По отношению же к миссис Кимбол я был не скрыто агрессивен. Сказать честно: я был открыто агрессивен.
Я не ругался и не делал того, что делают другие ребята с татуировками.
Я просто сидел и ничего не делал, зная, что это больше всего выводит ее из себя. Я жевал колпачок ручки, и моя ненависть к миссис Кимбол была настолько сильной, что ее озлобленный вид доставлял мне удовольствие. Я мог бы напрячься и выполнить свое задание, но во мне уже сидело непонятное упрямство. Кимбол выглядела как пародия на учительницу. На ней были какие-то шлепанцы позапрошлого века. Наверное, ей надо было прятать шрамы на руках, потому что и в самую жаркую погоду она укутывалась с головы до ног. Одежду ее я не смог бы описать — она была просто смешной. Даже если в классе стояла жара, на ней неизменно были гольф, юбка или брюки в клетку. Приходя домой, я первым делом залезал в мамин ноутбук и стирал все послания от миссис Кимбол: «Мистер Молинари не мог сказать, спит Гейб или нет на сегодняшнем занятии. Чтение одного параграфа ему удалось закончить за пять секунд до звонка…» Моим любимым посланием было следующее: «Так как весной ученикам предстоит сдавать важные тесты для поступления в колледж, вам потребуется справка от психиатра, чтобы Гейбу могли дать дополнительное время на выполнение задания. Очевидно, вам нужно также сделать копии отчетов преподавателей, которые работали с ним по индивидуальному плану все предыдущие годы…»

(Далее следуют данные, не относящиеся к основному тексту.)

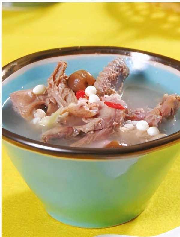 原料:豬骨 600 克,老鴿 2 隻(約 1000 克),淮山藥 50 克,薏米、芡實、桂圓肉各 25 克。
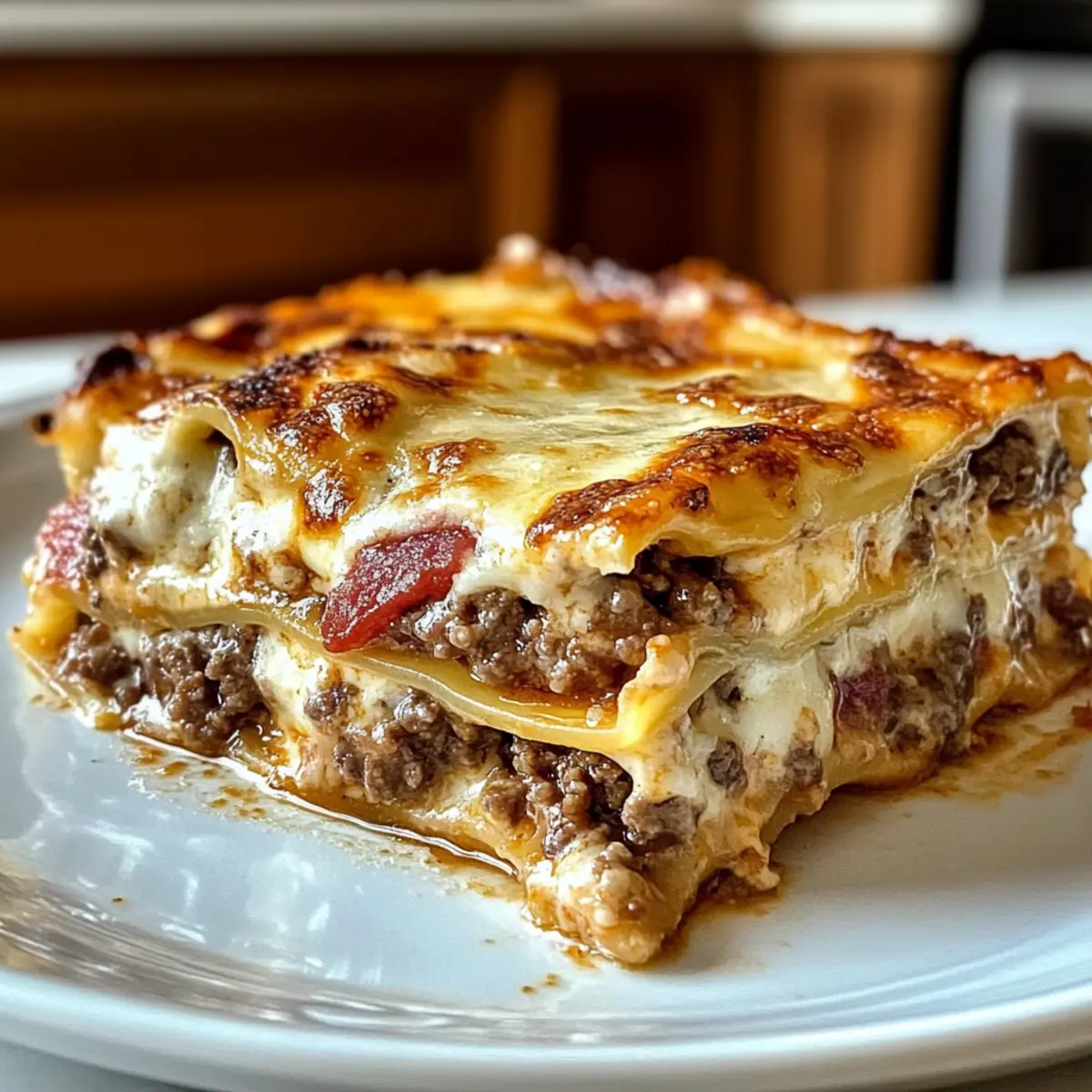 Irresistible Parmesan Garlic Bacon Cheeseburger Lasagna Delight

Наверное, миссис Кимбол думала, что моя мама не имеет понятия, какие тесты сдают ученики по результатам учебного года, а может, просто хотела лишний раз ее уколоть. «Гейбу удалось получить хорошую оценку по физкультуре…» Она даже хорошее умела представить так, что это выглядело не моим достижением, а случайностью.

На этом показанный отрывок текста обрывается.